**What is expected:** Look for the line with "мощности (850,1300,1310,1490,1550,1625nm) |" in the data below, then reproduce word for word that line and every line after it. Leave out all pictures and add nothing.

=====

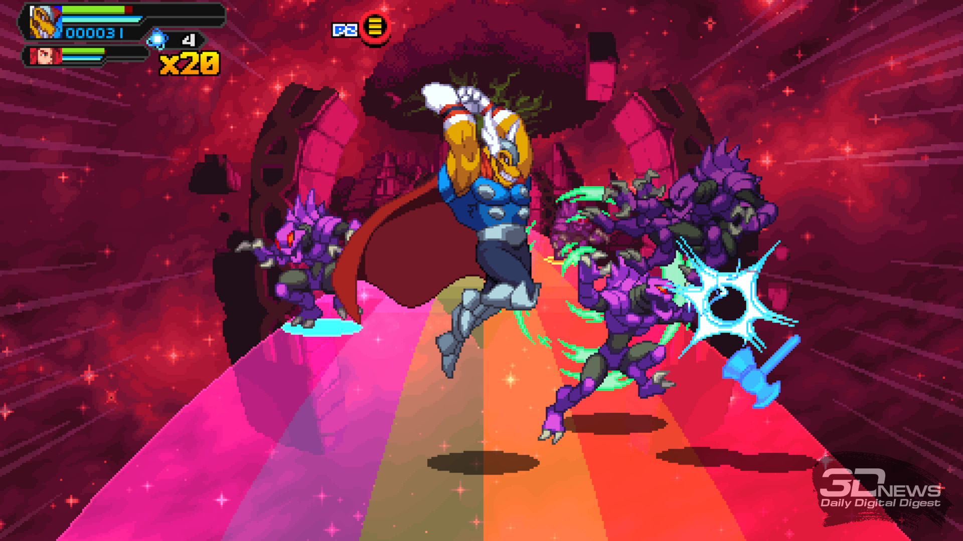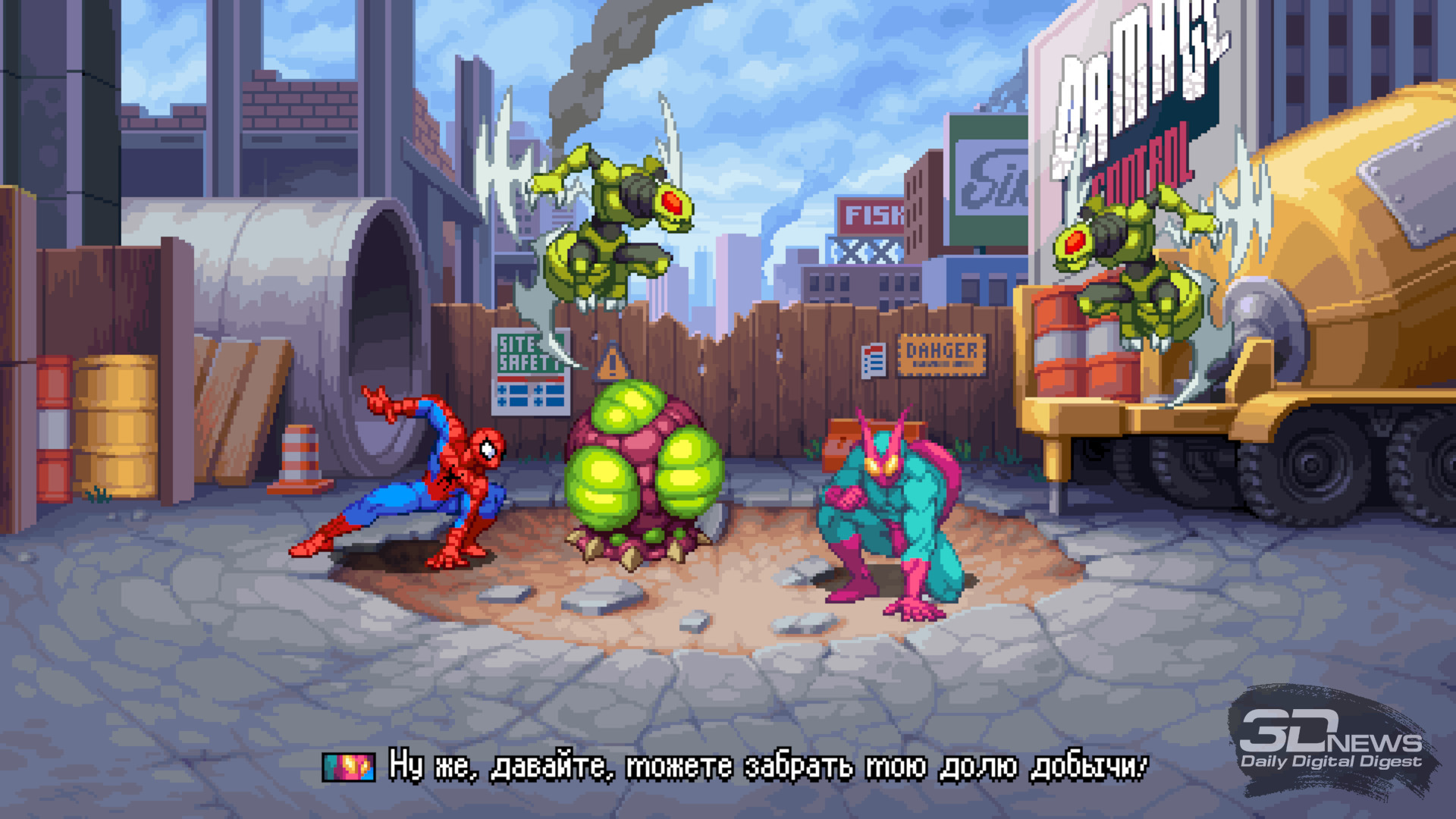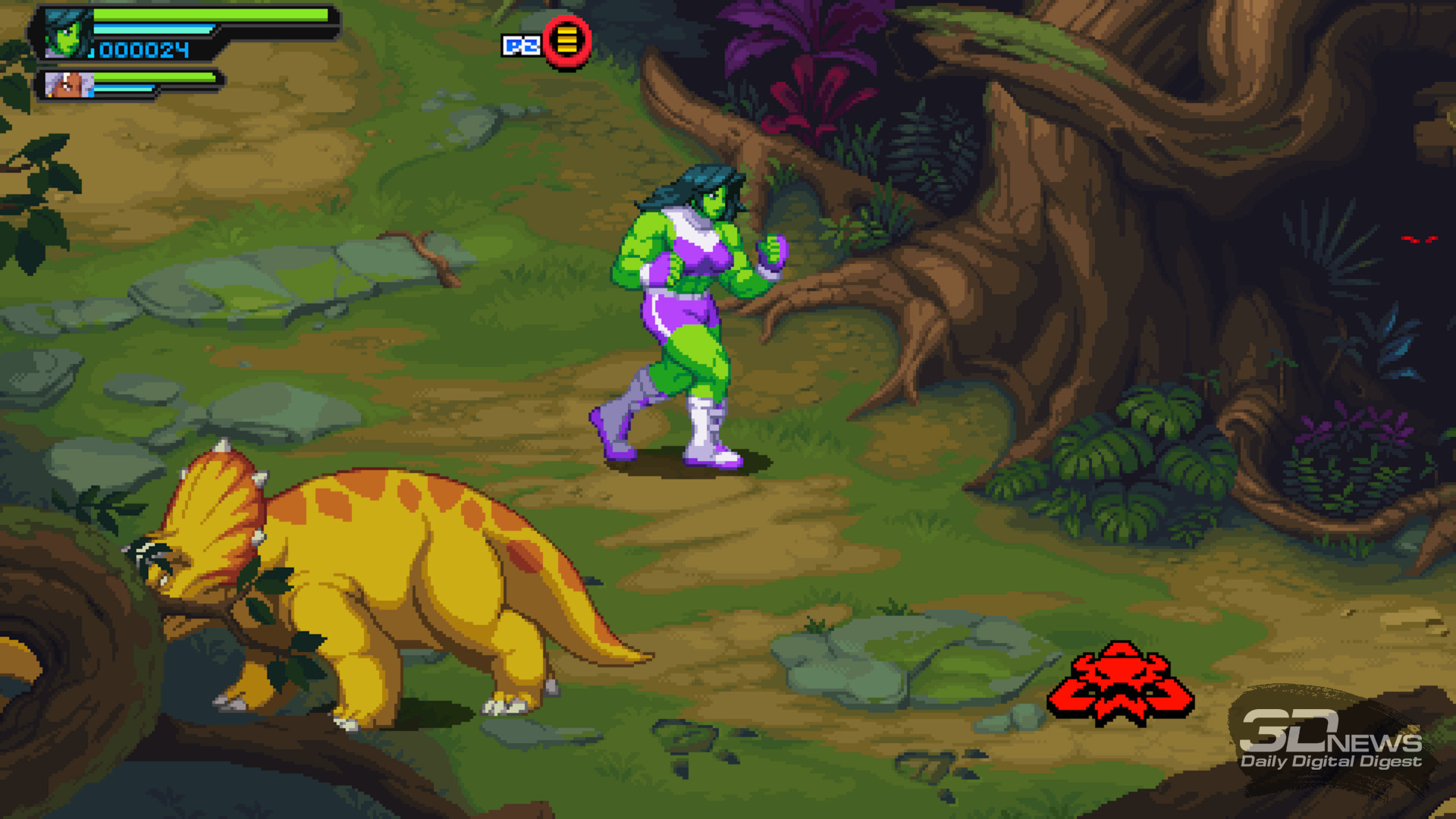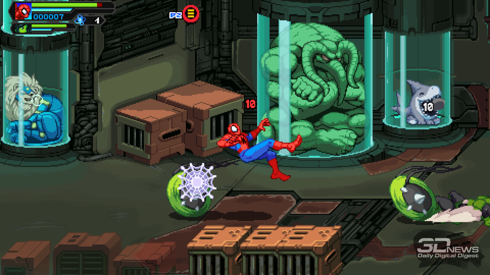 Играли на Xbox Series S В 2022 году выходцы из Ubisoft выпустили Teenage Mutant Ninja Turtles: Shredder’s Revenge — не самый оригинальный, но увлекательный beat ‘em up с Черепашками-ниндзя и их противниками, которых мы с детства знаем по именам. Спустя три с лишним года коллектив Tribute Games снова пытается пробудить ностальгические чувства пиксельной графикой и геймплеем с аркадных автоматов. После «Черепашек» фанаты возлагали на Marvel Cosmic Invasion большие надежды. По большей части игра удалась, но нужно быть готовым к тому, что привычная для разработчиков формула не получила развития. ⇡#Все пригодятсяПоскольку это beat ‘em up, да ещё и по комиксам Marvel, сюжет умещается в пару предложений. Правитель Негативной Зоны, Аннигилус, хочет захватить Галактику, в том числе планету Земля. Супергерои ему мешают, и делают это своим супергеройским способом: отправляются в разные места Ваканды, Диких земель и Геноши и побеждают там противников, разумом которых управляет Аннигилус. Главных его противников — Фантастической четвёрки — в игре почему-то вообще нет, зато есть как знаменитые любимчики из вселенной Marvel (Человек-паук, Веном, Железный человек), так и малоизвестные герои. Например, Бета Рэй Билл и Космический призрачный гонщик, которые за пределами редких комиксов появлялись только в игре Marvel SNAP. Бойцов в два раза больше, чем в «Черепашках», и отличаются они друг от друга гораздо заметнее. Каждый герой обладает уникальными навыками и приёмами, полностью соответствующими тем, которые были у него в комиксах. Капитан Америка швыряет щит, Джин Грей использует телекинез, Росомаха набрасывается на противников и закалывает их длинными когтями. Управляя Женщиной-Халк, будто играешь за рестлера — носишься по арене, хватаешь врагов, подбрасываешь, бьёшь в воздухе ногой, а потом с разбегу плюхаешься на землю. А будучи Человеком-пауком, быстро перемещаешься от одного края арены к другому на паутине, которой потом стреляешь в оппонентов, чтобы их замедлить. Всех персонажей объединяет возможность совершать обычные атаки (и их комбинации) в ближнем бою, а если удерживать кнопку удара, то они применяют заряженные приёмы. Нова, к примеру, создаёт вокруг себя огненный барьер, а Железный человек выпускает энергетическую сферу. Другой кнопкой осуществляется уникальная атака, на которую тратятся заряды (они восстанавливаются со временем). У Чёрной пантеры это клинки из вибраниума, у Шторм — потоки арктического ветра, замедляющие цели. Использовали трижды — и ждите несколько секунд, пока они снова станут доступны. А вот Капитан Америка и Бета Рэй Билл могут кидать щит и молот сколько угодно раз. Главная особенность здешней «боёвки» связана с тем, что перед началом уровня вы выбираете не одного героя, а двоих. Между ними можно свободно переключаться в любой момент — например, чтобы один восстановил здоровье, пока другой дерётся. А ещё напарника позволяют призвать прямо посреди комбо, чтобы он ненадолго появился, раздал тумаков и сразу убежал обратно за пределы экрана. Прежде всего это полезно в драках с крупными противникам и боссами — таким образом удаётся быстро нанести оппоненту много урона. Но и против скоплений врагов призыв оказывается эффективен, хотя в Cosmic Invasion такие ситуации встречаются чуть реже, чем хотелось бы. С таким количеством персонажей глаза разбегаются уже на первом уровне, да и не 
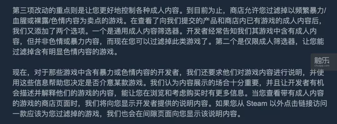 9月,V社又公布了“最新进展”,增加了两个关于成人内容的筛选选项:面向一般作品的“通用成人内容筛选器”和针对以成人内容为卖点作品的“仅限成人筛选器”。此外,游戏中含有暴力或色情内容的开发者必须对游戏内容进行说明,当玩家查看某个游戏的Steam页面,或是从外部链接访问某个游戏时,这些说明就会显示出来。
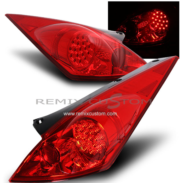 A Pair of Complete L.E.D. tail lights made for Nissan 350Z. Add the finishing touches to your vehicle with our extensive-line of high quality L.E.D tail lights. Revolutionary L.E.D technology not only improves the appearance of your vehicle, but also features brighter and safer lights. Our exclusive L.E.D. tail lights feature hassle-free plug & play installation. This set of super bright LED Tail Lights come equipped with individual super-bright LED Bulbs. Unlike other LED taillights, our taillight LED bulbs are not mounted onto a circuit board, which means that in case an LED bulb burns, you could replace the burnt bulb only, not the whole electronics of the unit. This set of lights is made with long lasting bulbs for years of satisfaction.
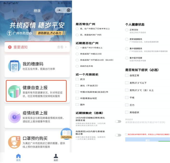 点击首页“我的穗康码”,点击“上报健康信息”,填写用户健康自查信息,包括基本信息、人员类型、是否有湖北旅居史、是否有如下症状、详细描述等信息。疫情防控关键时期,请务必如实填写。
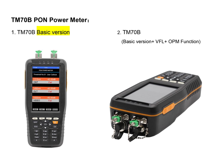 | TM70B-OV1 | PON + 1MW VFL + оптический измеритель мощности (850,1300,1310,1490,1550,1625nm) |
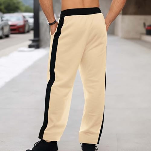 HOT ! Sweatpants for Men Baggy Straight Leg Sweat Pants Fall Winter Casual Drawstring Striped Workout Joggers with Pockets
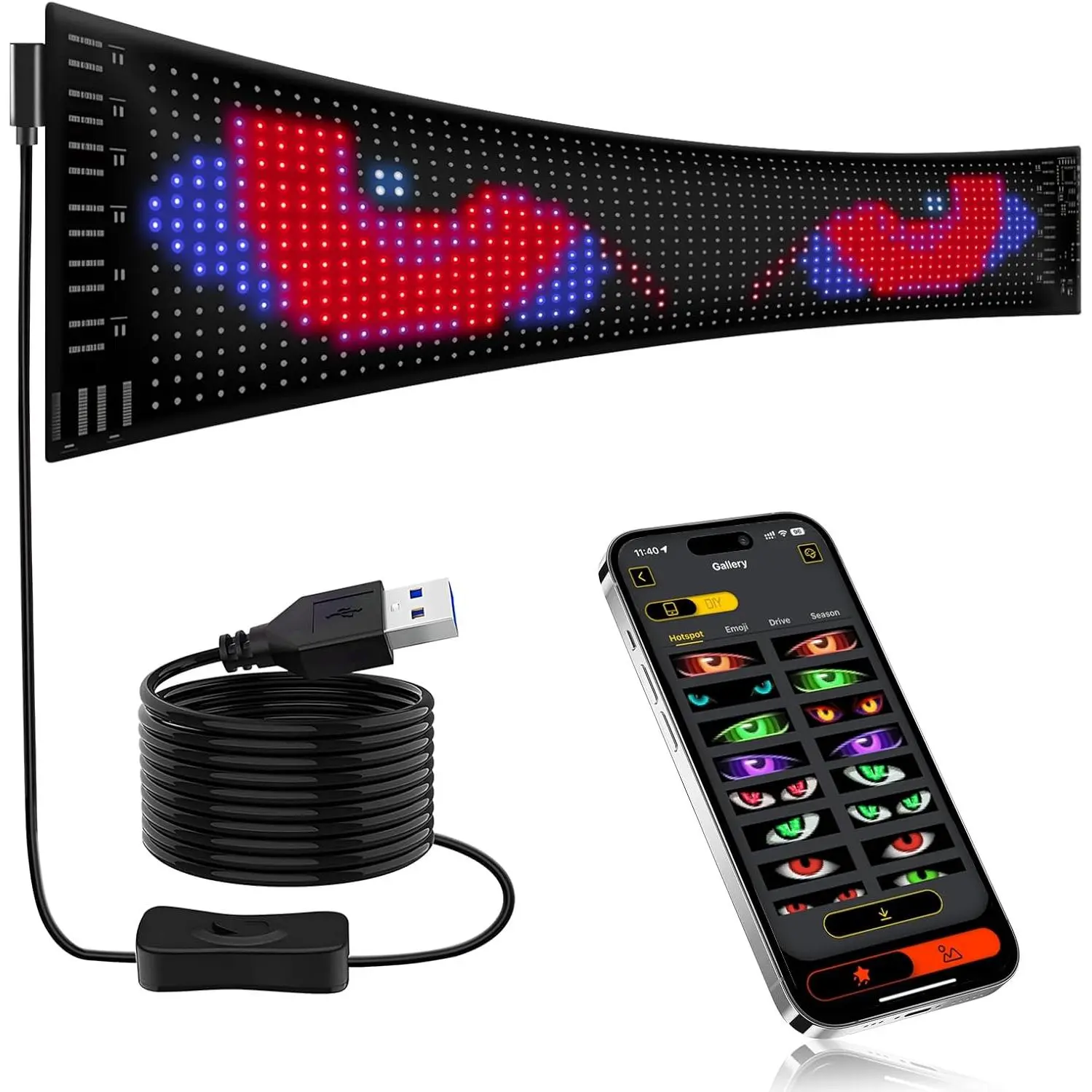 Eye-Catching & Colorful: The newly upgraded 15"x4" flexible LED sign has 1024 LEDs with over 16 million colors to choose from.The LED matrix panel produces more and clear images that are vibrant and eye-catching, easily captivating and conspicuous, even in weather with a blurred view
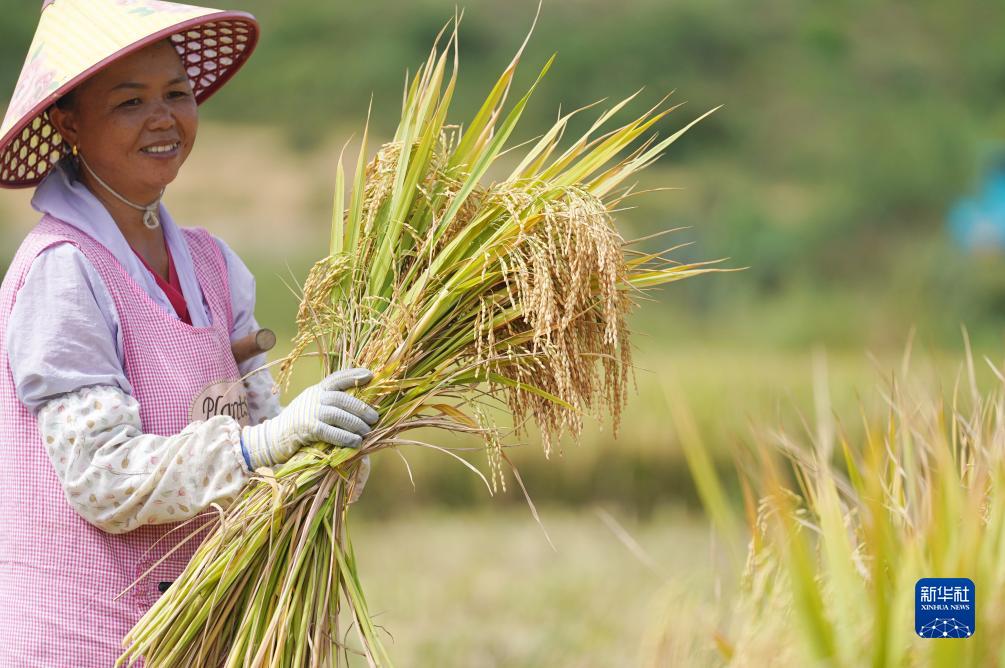 9月19日,雲南省文山壯族苗族自治州文山市秉烈鄉村民在搶收稻穀。
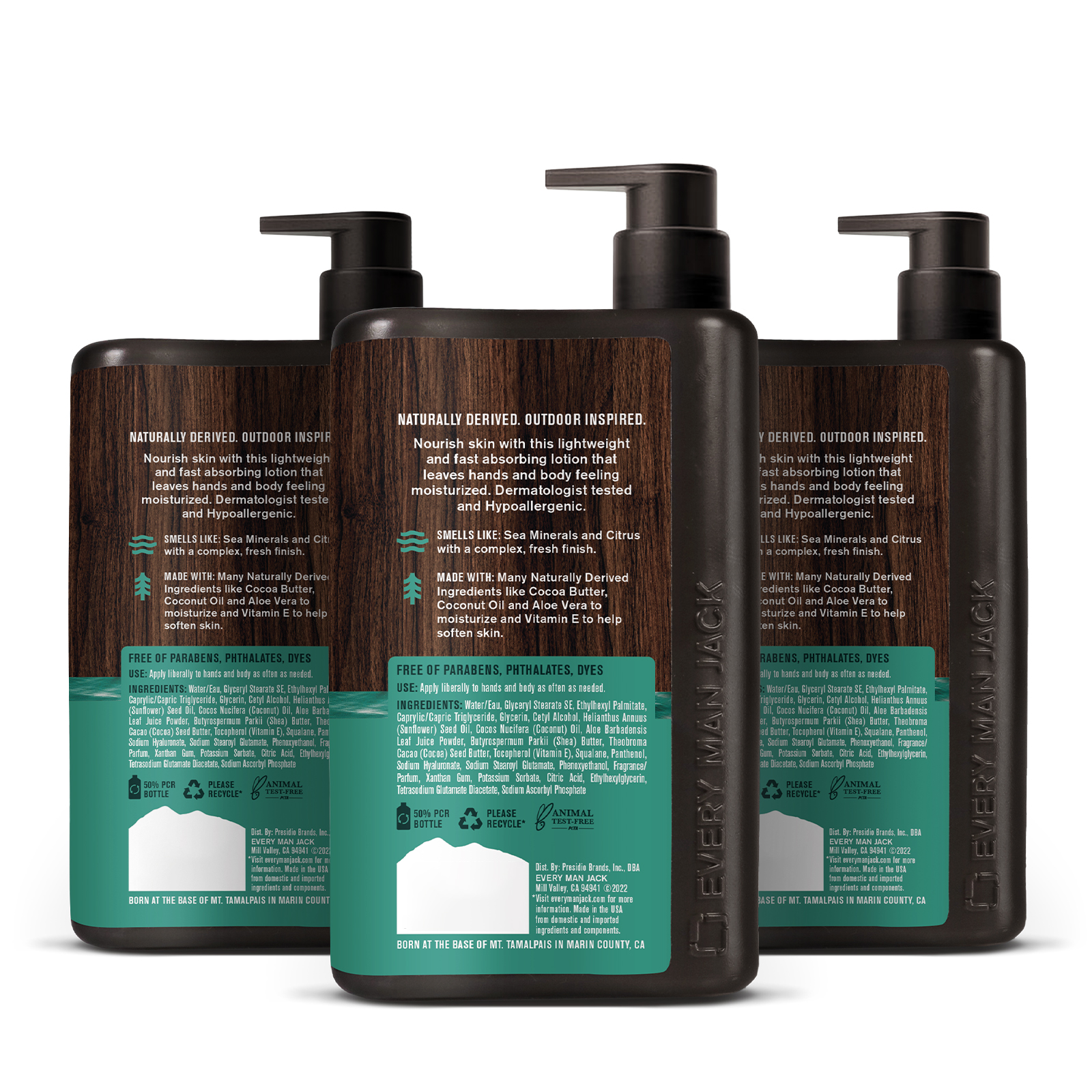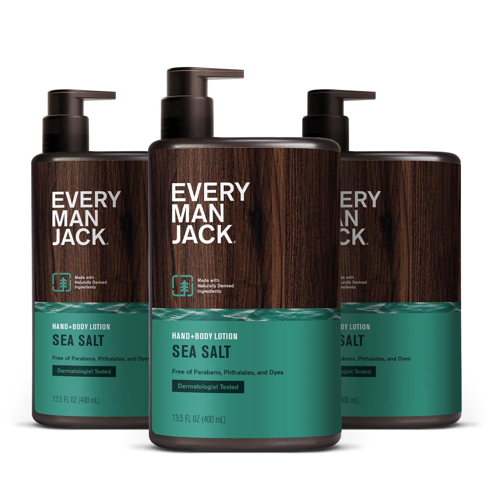 | Amazon Title | Every Man Jack Mens Sea Salt Hand & Body Lotion for All Skin Types - Dermatologist Tested & Hypoallergenic - Nourish Skin with Lightweight Fast Absorbing Lotion - 13.5oz 3 Bottles |
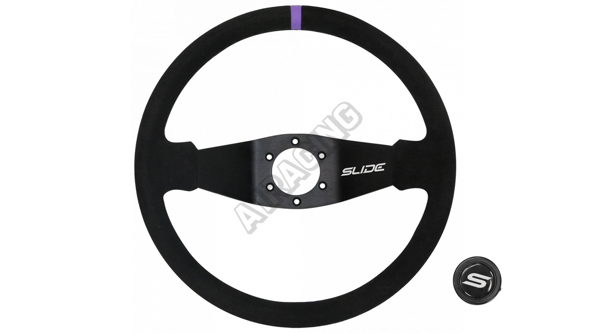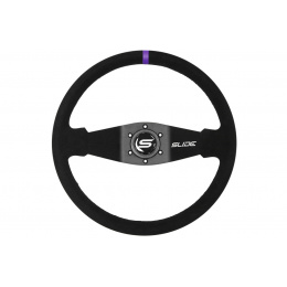 Volant SLIDE je vysoce kvalitní příslušenství určené pro automobilové nadšence, kteří chtějí zlepšit ergonomii, pohodlí a přesnost řízení svého vozidla. Díky své sportovní konstrukci a estetice se volanty SLIDE dokonale osvědčí ve vozidlech připravených na jízdu na okruhu. Tato verze volantu se vyznačuje výjimečným provedením ze semiše, což zajišťuje pevný úchop a pohodlí při používání. Navíc, fialový pruh na obruči nejen dodává sportovní charakter, ale také pomáhá přesně určit centrální polohu volantu, čímž zvyšuje kontrolu nad vozidlem. Na rozdíl od tradičních tříramenných volantů má SLIDE unikátní dvouramennou konstrukci, což zajišťuje více minimalistický a ergonomický design, zlepšující komfort a přesnost řízení.

=====

**Result for this task:**
 | TM70B-OV1 | PON + 1MW VFL + оптический измеритель мощности (850,1300,1310,1490,1550,1625nm) |
 HOT ! Sweatpants for Men Baggy Straight Leg Sweat Pants Fall Winter Casual Drawstring Striped Workout Joggers with Pockets
 Eye-Catching & Colorful: The newly upgraded 15"x4" flexible LED sign has 1024 LEDs with over 16 million colors to choose from.The LED matrix panel produces more and clear images that are vibrant and eye-catching, easily captivating and conspicuous, even in weather with a blurred view
 9月19日,雲南省文山壯族苗族自治州文山市秉烈鄉村民在搶收稻穀。
 | Amazon Title | Every Man Jack Mens Sea Salt Hand & Body Lotion for All Skin Types - Dermatologist Tested & Hypoallergenic - Nourish Skin with Lightweight Fast Absorbing Lotion - 13.5oz 3 Bottles |
 Volant SLIDE je vysoce kvalitní příslušenství určené pro automobilové nadšence, kteří chtějí zlepšit ergonomii, pohodlí a přesnost řízení svého vozidla. Díky své sportovní konstrukci a estetice se volanty SLIDE dokonale osvědčí ve vozidlech připravených na jízdu na okruhu. Tato verze volantu se vyznačuje výjimečným provedením ze semiše, což zajišťuje pevný úchop a pohodlí při používání. Navíc, fialový pruh na obruči nejen dodává sportovní charakter, ale také pomáhá přesně určit centrální polohu volantu, čímž zvyšuje kontrolu nad vozidlem. Na rozdíl od tradičních tříramenných volantů má SLIDE unikátní dvouramennou konstrukci, což zajišťuje více minimalistický a ergonomický design, zlepšující komfort a přesnost řízení.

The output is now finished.